Отец Варфоломей неопределенно пожал плечами, ясно давая понять, что не собирается высказывать по этому поводу никакого суждения.
– В тот же день, но ближе к вечеру, Глыба и Димыч едут к специфичному пареньку по кличке Винтик, большому рукодельнику и трудяге. Чуть-чуть помешанному на взрывах. Едут, значит, Димыч и Глыба, едут… Димыч, кстати, для нашего общего друзана Геннадия Федоровича, разные мокрые дела творит…
– Не интересно мне это! – прервал опера священник, – Не мое это дело!
– Послушайте, батюшка, вы что, и на исповеди так на прихожан голос повышаете?
– То на исповеди!
– Давайте будем считать, что и сейчас исповедь.
– Не богохульствуй!
– Ну, ладно. А если так, я вот тут выговорюсь, а вы меня на путь истинный подтолкнете. Это богоугодное дело? А я вдруг и впрямь…

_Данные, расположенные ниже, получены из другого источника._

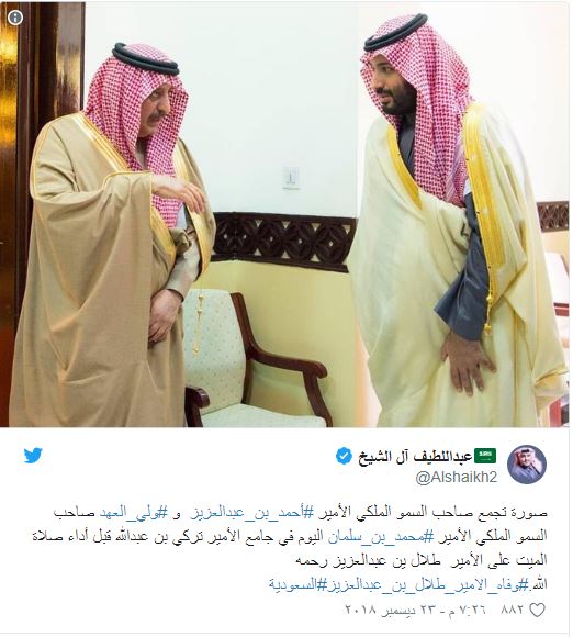 وبحسب الصور المتداولة ظهر ولي العهد السعودي وهو ينصت لعمه الأمير أحمد باهتمام، في جنازة الأمير طلال بن عبدالعزيز التي شيعت يوم الأحد، وحضرها الملك سلمان وعدد كبير من أمراء الأسرة الحاكمة.

– Ты… Ладно, говори дальше.
– Так вот, ребята едут и случайно погибают. Гиря знает, что их убили, но трупы находят за городом. И все, в том числе и наши, верят в то, что пацаны баловались динамитом. Странно? Странно. И вот тут я начинаю чувствовать, что вокруг что-то происходит странное. Крупное и мелкое. Сразу после гибели быков – взрывы в клубе. Причем, Гирю не убивают, а просто подкладывают в стол будильник. А ведь могли и мину. И сегодня тоже, могли убить, а не стали, просто припугнули. То есть, тот, кто взрывал первую бомбу перед клубом, очень сильно отличался от того, кто хулиганил потом. Кстати, Винтик, замочивши Димыча и Глыбу, благополучно испарился. И его никто не видел.
Гринчук потер виски:
– Голова что-то болит. С самого утра. Ну, Бог с ней. Да. Это крупные странности. А теперь мелкие. Крысы, которые портят наши отчеты уже в течение почти двадцати лет, вдруг испарились. Исчезли. Видели некоторых из них на рынке последний раз как раз перед ураганом.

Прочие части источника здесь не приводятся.